If you've ever wondered where the cool kids are going for lunch, this is it: take a French bakery, add a touch of Vietnam, a twinkle of Thailand, a shot of Campos Coffee and a liquor licence and you start to understand Taste's appeal.
At lunchtime locals form haphazard queues for fresh vegetable and noodle salads, or batons of house-baked baguettes (white, whole meal and rye) stuffed with daisy-fresh salads and smatterings of roasted meat. The Vietnamese baguette with its lick of lemon chive mayo, smear of pate and pork, pickled carrots, cucumber, onion, coriander and soy sauce and chillies, is called a classic on the menu for a reason. The grilled lemongrass chicken baguette has a clique of its own, courtesy of its combination of sweet and sticky chicken, tomato, mixed lettuce, rocket, snow pea sprouts, lemon chive mayo, and a squirt of olive basil oil. Those in the know add fresh coriander, get in early and sharpen their elbows.
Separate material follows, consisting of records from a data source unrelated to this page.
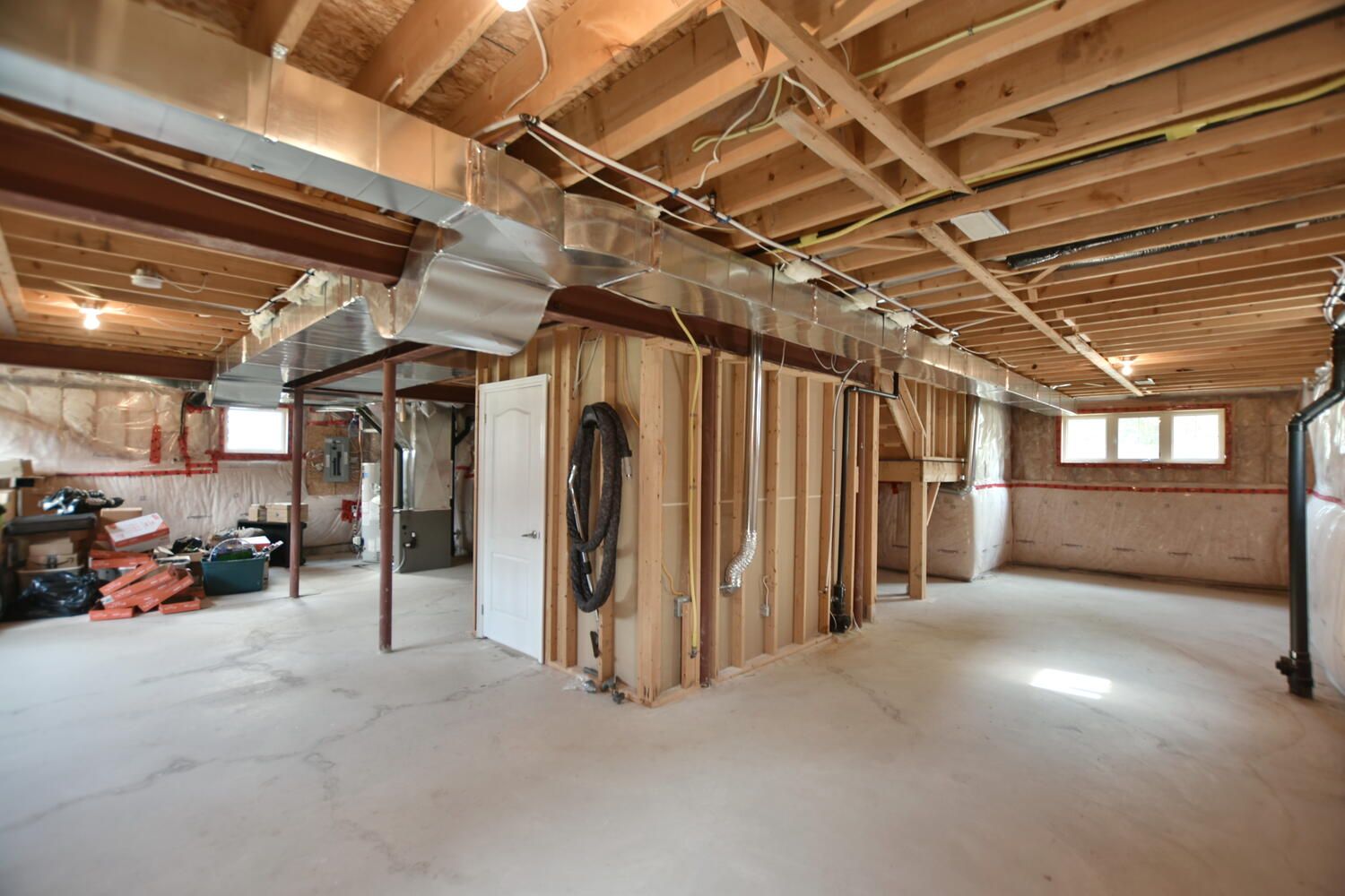 • Unfinished basement with large windows, offering potential for extra space.
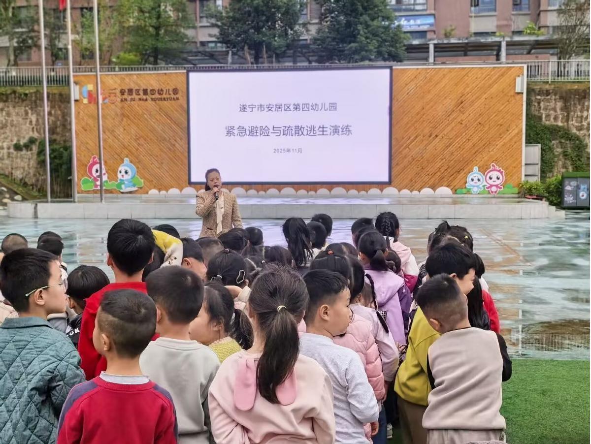 为了提升幼儿的防火逃生安全意识,增强师生在防火救灾、自救自护及应对突发事件方面的能力,2025年11月7日上午,安居四幼成功开展了消防应急疏散演练,全园500余名师生参与此次活动。
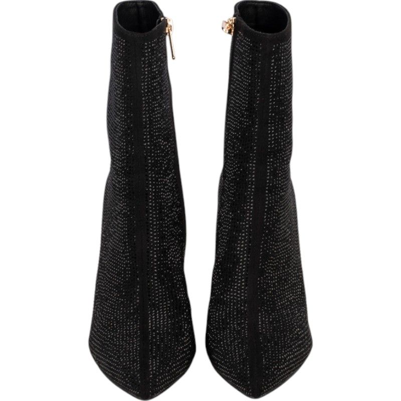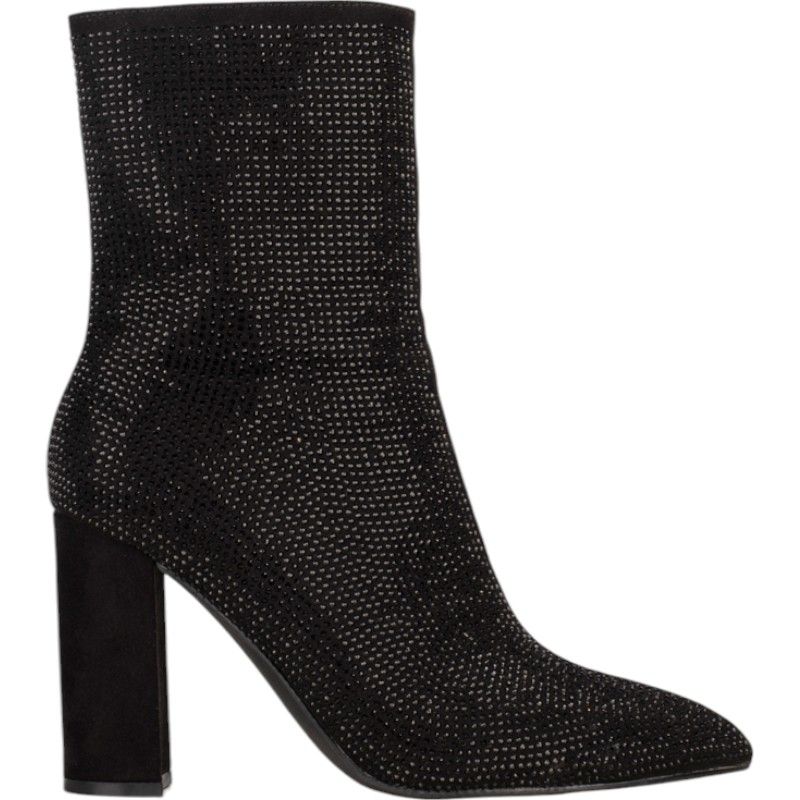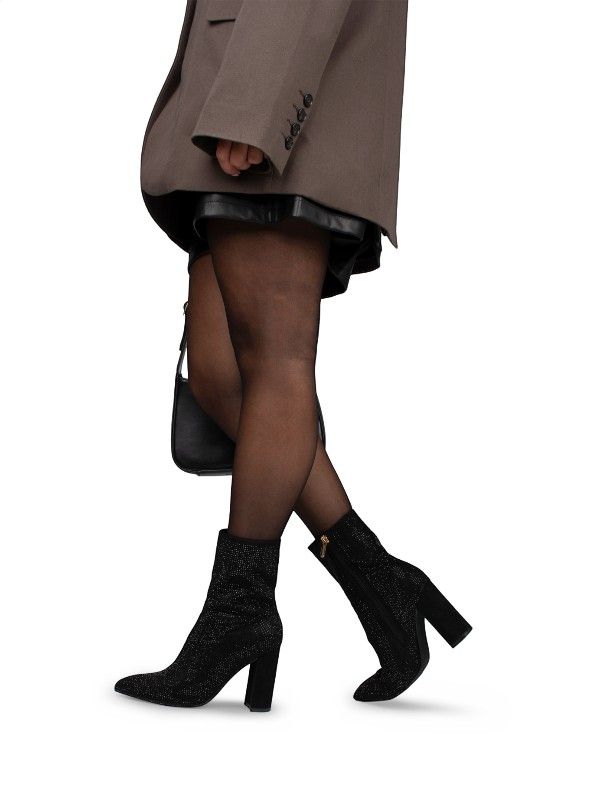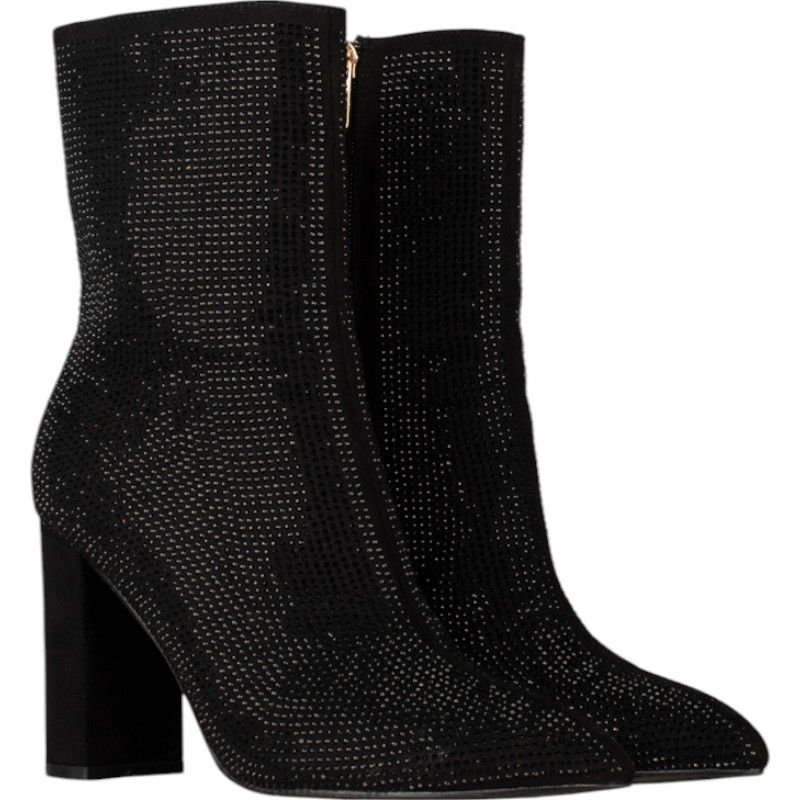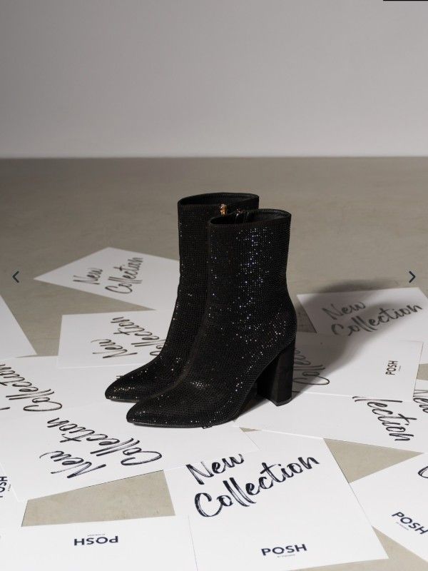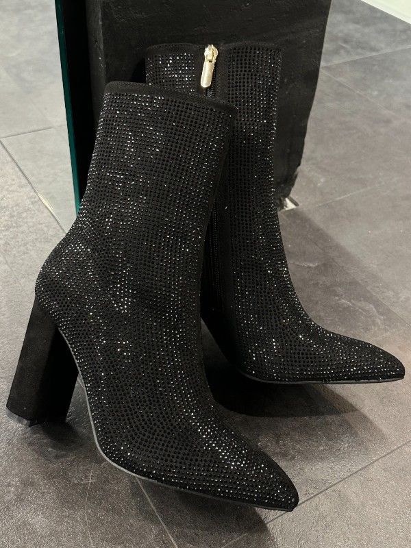 Deze mooie zwarte Poelman laarsjes hebben stevige hakken van ruim negen centimeter hoog en zijn bewerkt met all-over strass steentjes. De laarsjes zijn aan en uit te trekken met een rits aan de binnenzijde.

If you're tempted to eat in you can try and score one of the 120 seats, perhaps by the water feature in the courtyard, and choose from a menu that includes green papaya salad, a curry of the day, and local beers. If you can't quite find your way up the hill from Central Station or down from Crown Street never fear; Taste has a sister restaurant in the city at Sussex Lane.